*Exercise prompt*. For the data below, retype word for word the lines from the one containing "Oltens Benk grzejnik" through the one containing "Приветствуя участников дискуссионной"; drop the pictures.
======== Provided data
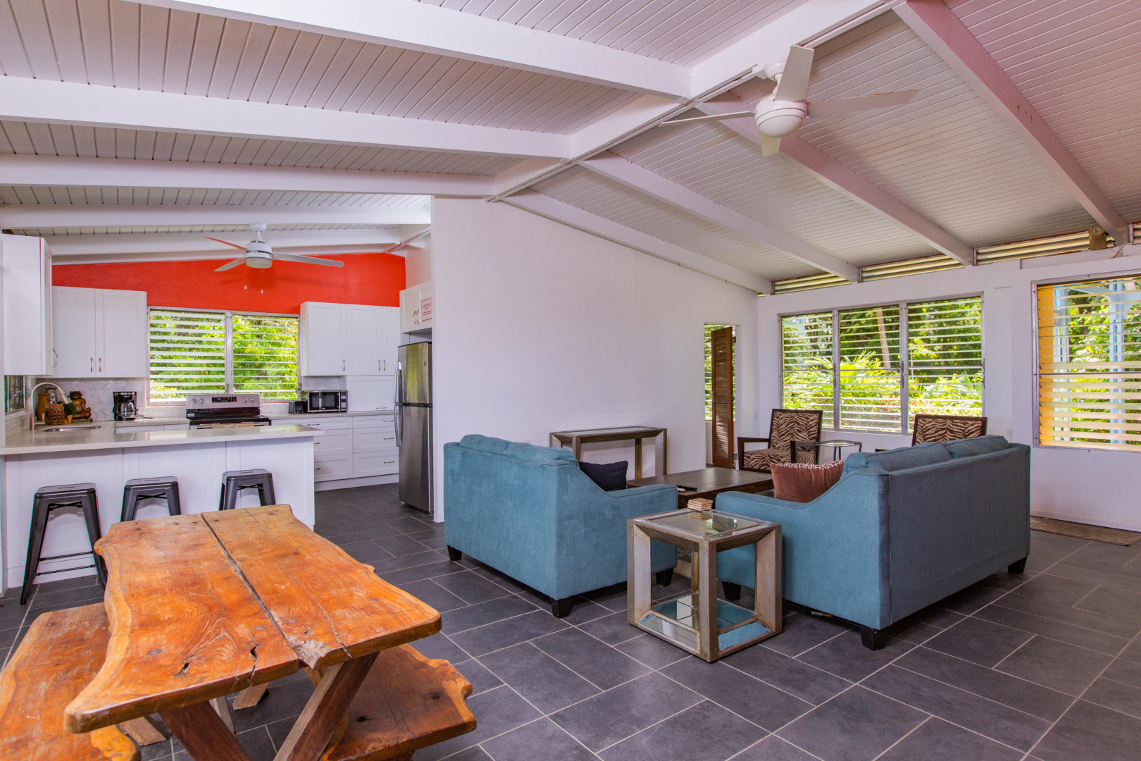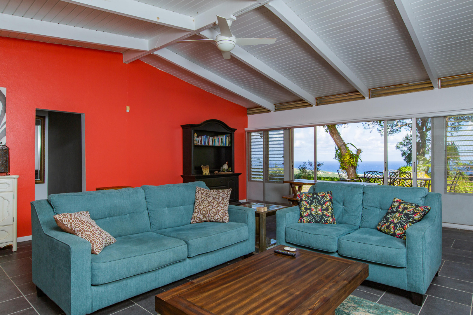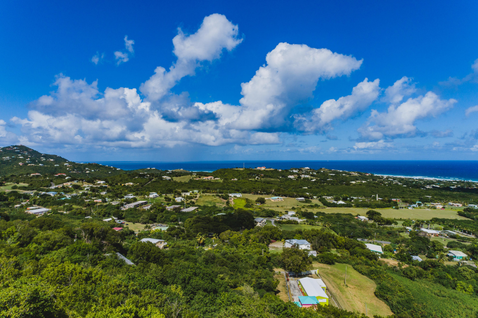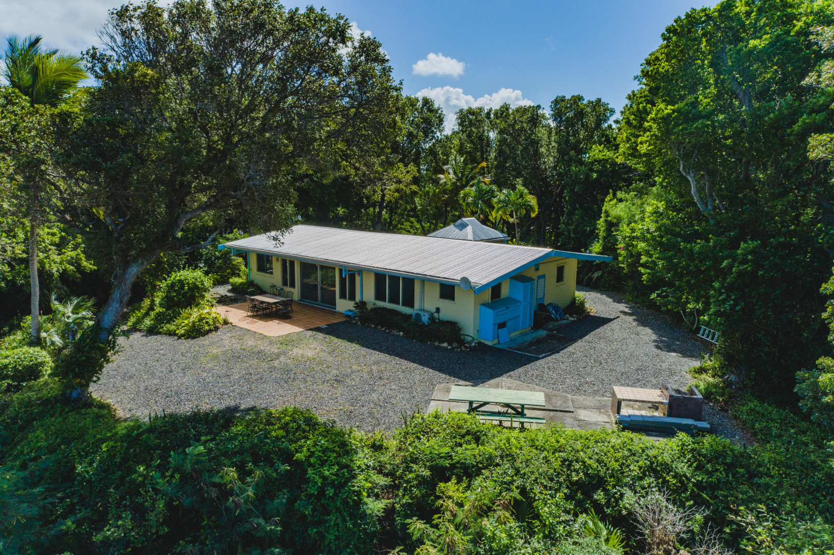 Welcome home to over an acre of tropical paradise with expansive views of the Caribbean Seas spanning Salt River to Buck Island. A canopy of mahogany trees cover a large, flat, fenced yard. The property is rich with orchids, aloe, palm trees, birds of paradise, bougainvillea, succulents, passion fruit, noni, papaya and guava. Ample trade winds from the hilltop location provide an almost year-round breeze. The home boasts an oversized 47,000 gallon cistern, providing ample water in the driest of seasons. The kitchen, bathrooms, floors and roof were all completely redone in 2018. This open and airy house includes a third room that could be used as an office or converted to a third bedroom. Conveniently located mid-island, minutes from downtown Christiansted, the hospital and refinery.
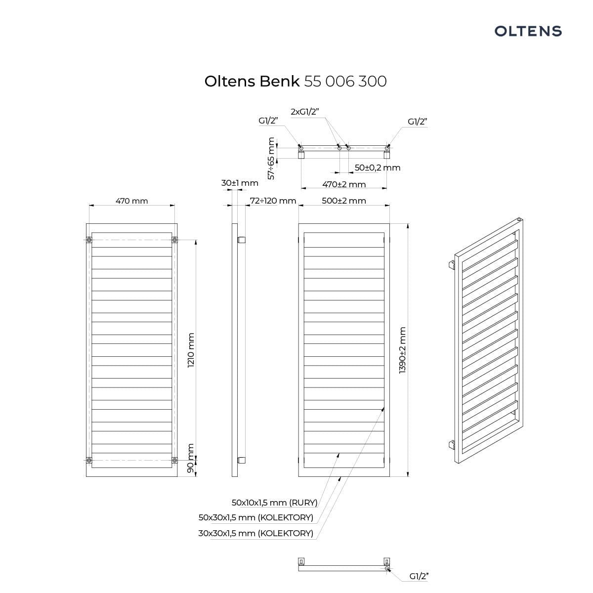 Oltens Benk grzejnik łazienkowy 139×50 cm czarny mat 55006300
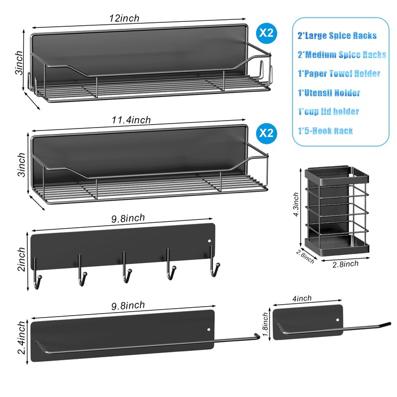 - 【8 Packs Kitchen Organizer Set】Kit includes:2*Large Spice Racks, 2*Medium Spice Racks, 1*Paper Towel Holder, 1*Utensil Holder,1*cup lid holder,1*5-Hook Rack. It fulfills your need for extra storage to make your home or kitchen save space with look more beautiful.
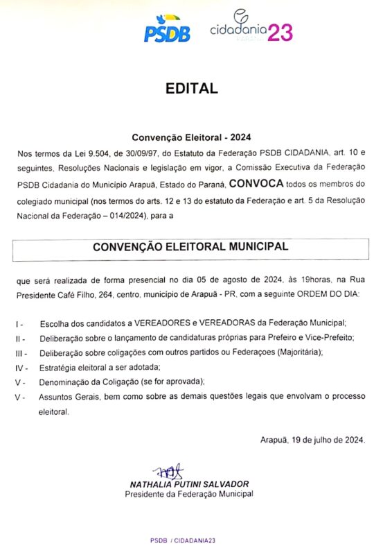A Comissão Executiva da Federação PSDB/Cidadania de Arapuã, município da região central do Estado do Paraná, convoca a todos os membros do colegiado municipal para a Convenção Eleitoral Municipal que será realizada de forma presencial no dia 05 de agosto de 2024, às 19horas, na Rua Presidente Café Filho, 264, Centro do Município de Arapuã – PR, com a seguinte ORDEM DO DIA:
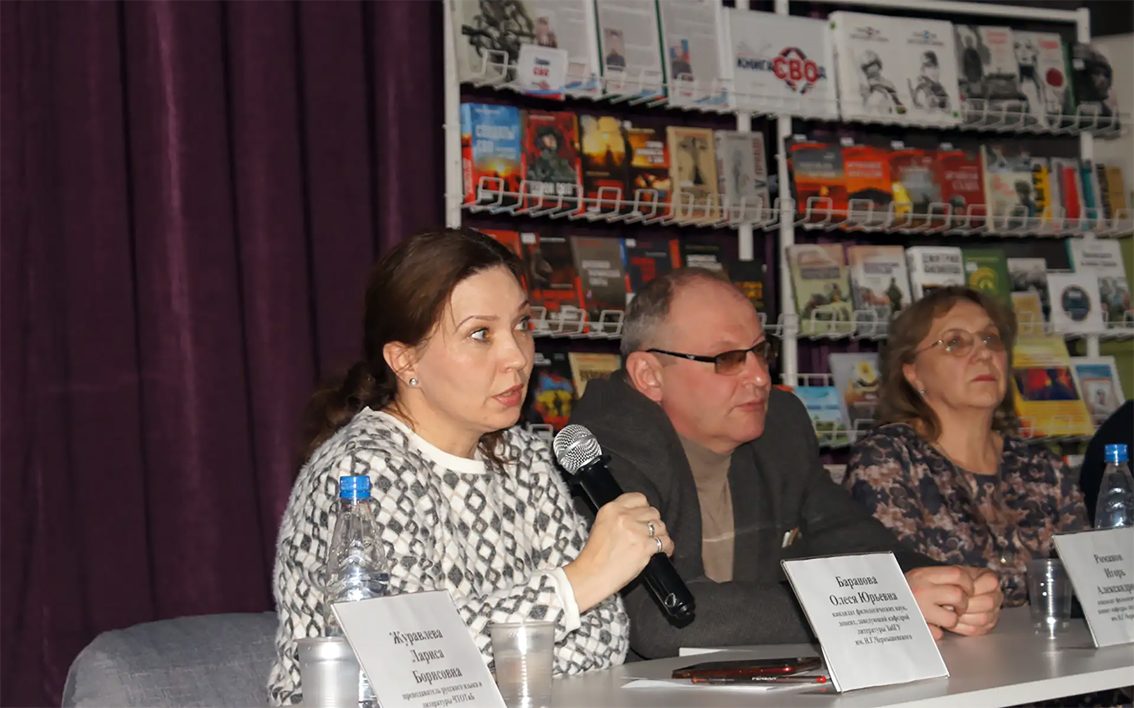 Приветствуя участников дискуссионной площадки, директор ЗКУНБ им. А. С. Пушкина Елена Сивцова, выступившая в качестве модератора встречи, отметила, что произведения, создающиеся в последние годы в связи с происходящими геополитическими событиями, призваны не просто фиксировать события, но и служить источником формирования национального самосознания и сохранения памяти о подвигах наших бойцов для будущих поколений.
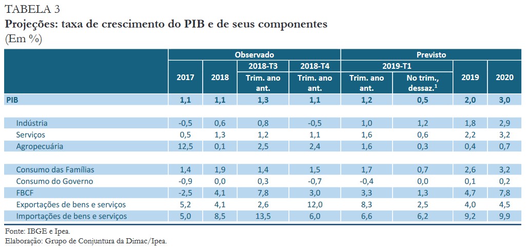 O Instituto de Pesquisa Econômica Aplicada (Ipea) reviu de 2,7% para 2% a previsão de crescimento do Produto Interno Bruto em 2019. Segundo estudo divulgado nesta quinta-feira, 28, pelo Grupo de Conjuntura do instituto, os primeiros indicadores do ano mostram que a recuperação da atividade econômica permanece lenta. As projeções para inflação foram reduzidas de 4,10% para 3,85%.
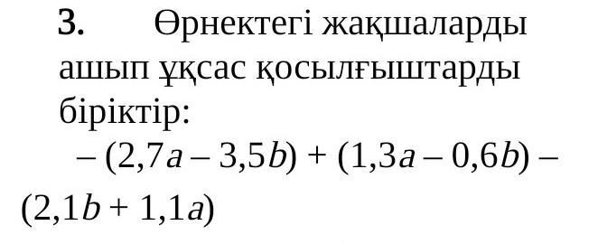 -(2.7a-3.5b)+(1.3a-0.6b)-(2.1b+1.1a)=-2.7a+3.5b+1.3a-0.6b-2.1b-1.1a=-2.5a+0.8b (или 0.8b-2.5a)
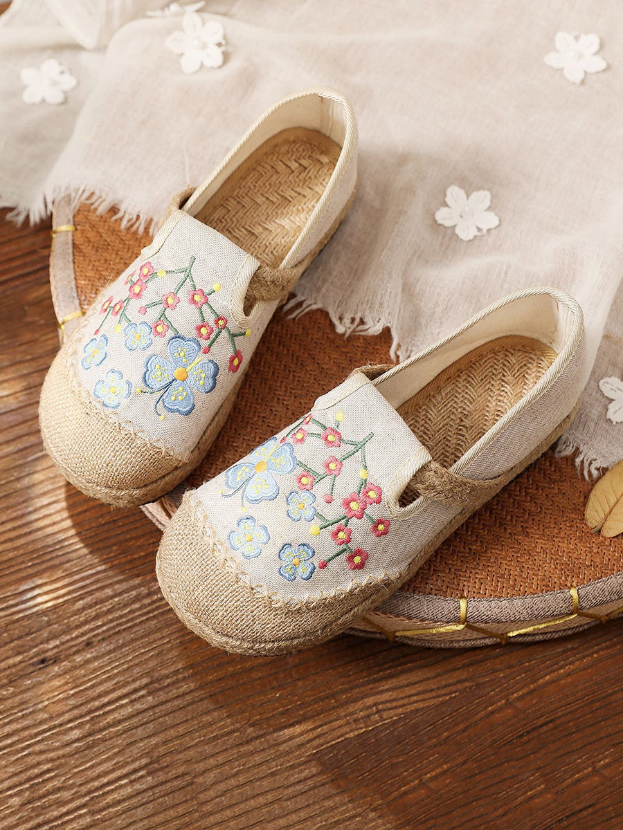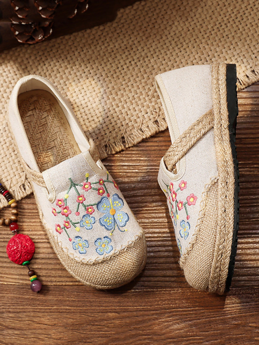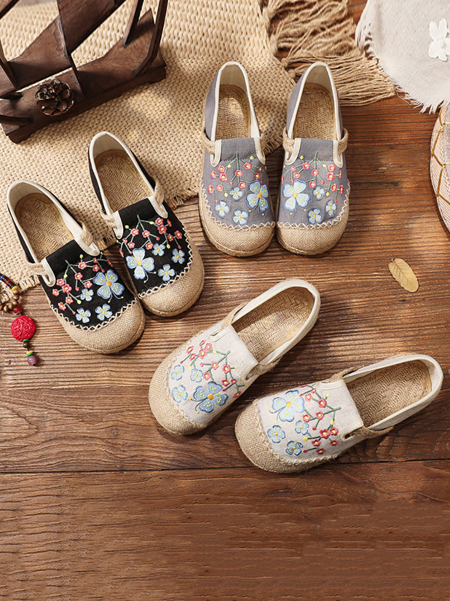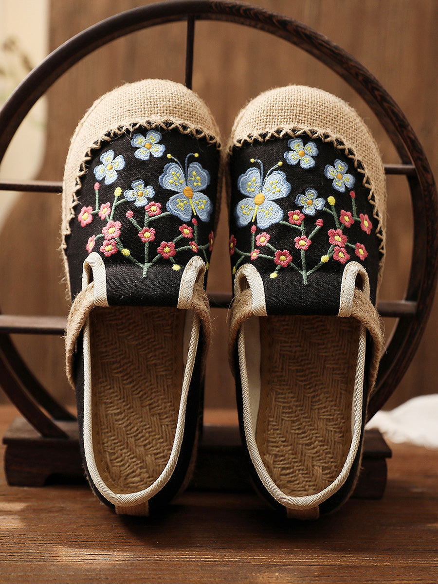 Women Summer Artsy Flower Embroidery Canvas Shoes
================
*Result of this exercise*.
 Oltens Benk grzejnik łazienkowy 139×50 cm czarny mat 55006300
 - 【8 Packs Kitchen Organizer Set】Kit includes:2*Large Spice Racks, 2*Medium Spice Racks, 1*Paper Towel Holder, 1*Utensil Holder,1*cup lid holder,1*5-Hook Rack. It fulfills your need for extra storage to make your home or kitchen save space with look more beautiful.
A Comissão Executiva da Federação PSDB/Cidadania de Arapuã, município da região central do Estado do Paraná, convoca a todos os membros do colegiado municipal para a Convenção Eleitoral Municipal que será realizada de forma presencial no dia 05 de agosto de 2024, às 19horas, na Rua Presidente Café Filho, 264, Centro do Município de Arapuã – PR, com a seguinte ORDEM DO DIA:
 Приветствуя участников дискуссионной площадки, директор ЗКУНБ им. А. С. Пушкина Елена Сивцова, выступившая в качестве модератора встречи, отметила, что произведения, создающиеся в последние годы в связи с происходящими геополитическими событиями, призваны не просто фиксировать события, но и служить источником формирования национального самосознания и сохранения памяти о подвигах наших бойцов для будущих поколений.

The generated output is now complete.